Amini’nin amcasını tutukladılar ve öldürülen yüzlerce masum protestocunun aile üyelerini tutukladılar. Açıkçası önce protestocuları idam ettiler, şimdi de ailelerini tutukluyorlar. Öldürdükleri genç protestocunun sadece ailesini değil, genç kız kardeşini de tutukladılar. 16 yaşındaki kız kardeşi adalet için ağlamak suçundan tutuklandı. İslam Cumhuriyeti’nin gerçeği bu. Olası bir ayaklanmadan korkuyorlar. Bu yüzden siyasi mahkumların peşine düşüyorlar. Şu anda sizinle konuşurken, beş siyasi mahkum hapishanede öldürüldü. Neden mi? Çünkü İslam Cumhuriyeti onları gerçekten öldürmek ve protestocuların aile üyelerini tutuklayarak toplumda korku yaratmak, dünyanın geri kalanına da tepkilerin umurlarında olmadığını söylemek istiyor. Molla rejimi artık işe yaramıyor. Amini’nin vahşice öldürülmesinden sonra biz kadınlar için zorunlu başörtüsünün, zorunlu örtünmenin tüm rejimi sarsacak bir sembol haline geldiğini öğrendiler. Öfkemizin küçük bir kumaş parçasının ötesine geçtiğini biliyorlar. Sadece zorunlu başörtüsüne son vermek istemediğimizi biliyorlar. Biz bu rejimi sona erdirmek istiyoruz. Laik bir demokrasiye sahip olmak istiyoruz.
Türkiye’deki kadınlar da siyasal İslama karşı mücadele veriyor. Türkiyeli kadınlara ne mesaj vermek istersiniz?

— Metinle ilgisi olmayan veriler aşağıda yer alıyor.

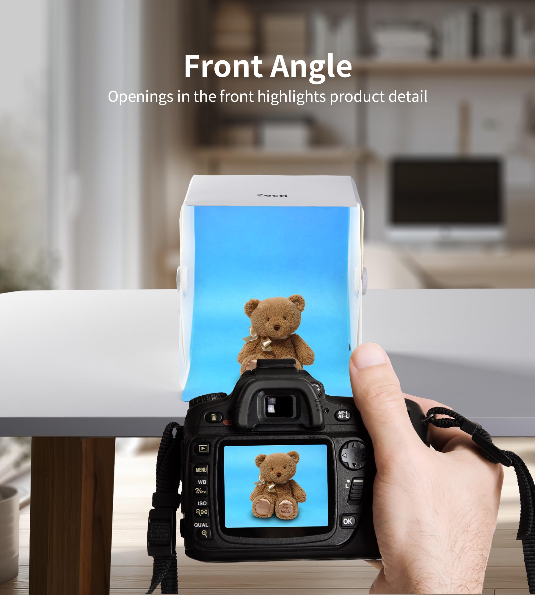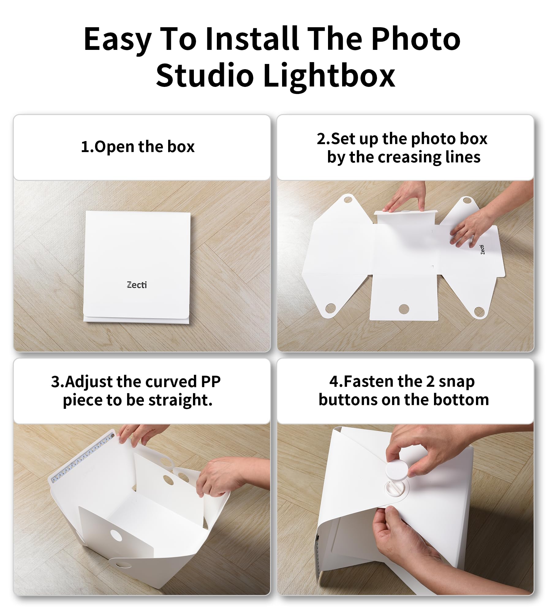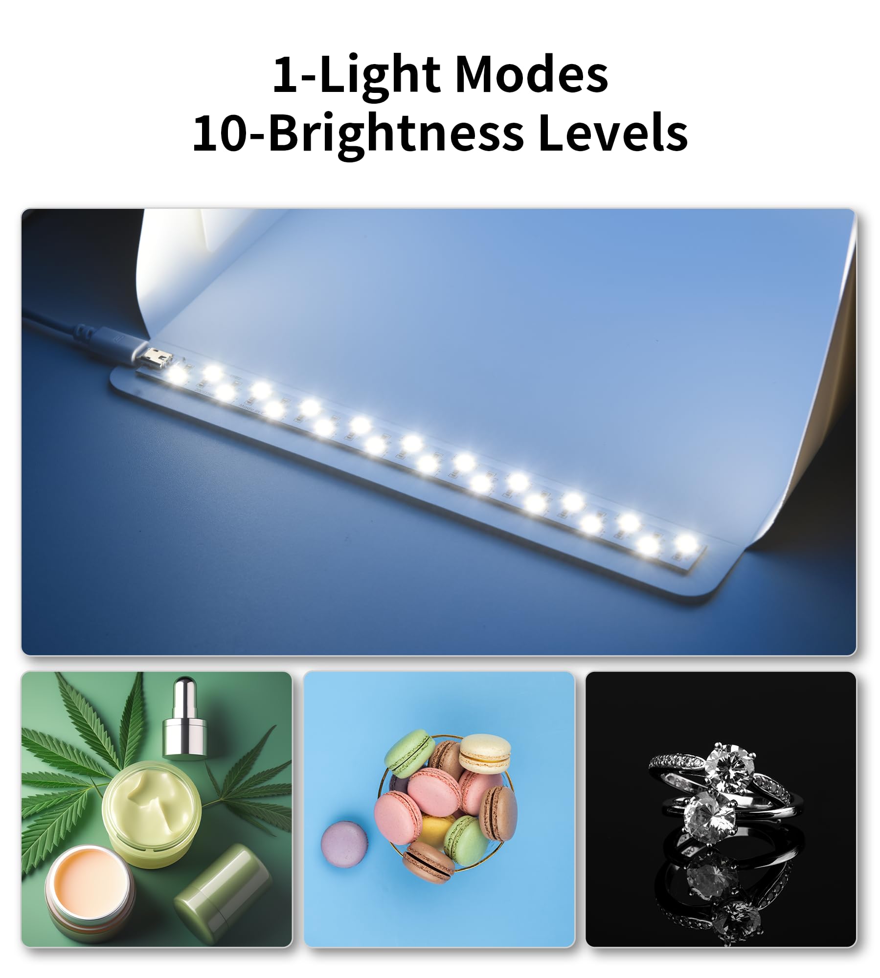 - 【Easy to Assemble】 Bond the side Velcros, then connect with a power bank, computer or AC charger, get a mini photo tent instantly. The unfolded size is 8*8*8, only support small items photography.

Orta Doğu’nun dört bir yanında sokaklara dökülmeli ve haysiyet, özgürlük, demokrasi ve eşitlik istediğimizi söylemeliyiz. Bu da ancak siyasal İslam’dan ve cinsiyet ayrımcılığı rejiminden kurtulursak gerçekleşecektir. Bu yüzden Türkiyeli kardeşlerime şunu söylemek istiyorum, gelin bir araya gelelim. Diktatörler birleşti. Biz de birlik olmalıyız ve siyasal İslam’ı ve cinsiyet ayrımcılığını birlikte sona erdirmeliyiz.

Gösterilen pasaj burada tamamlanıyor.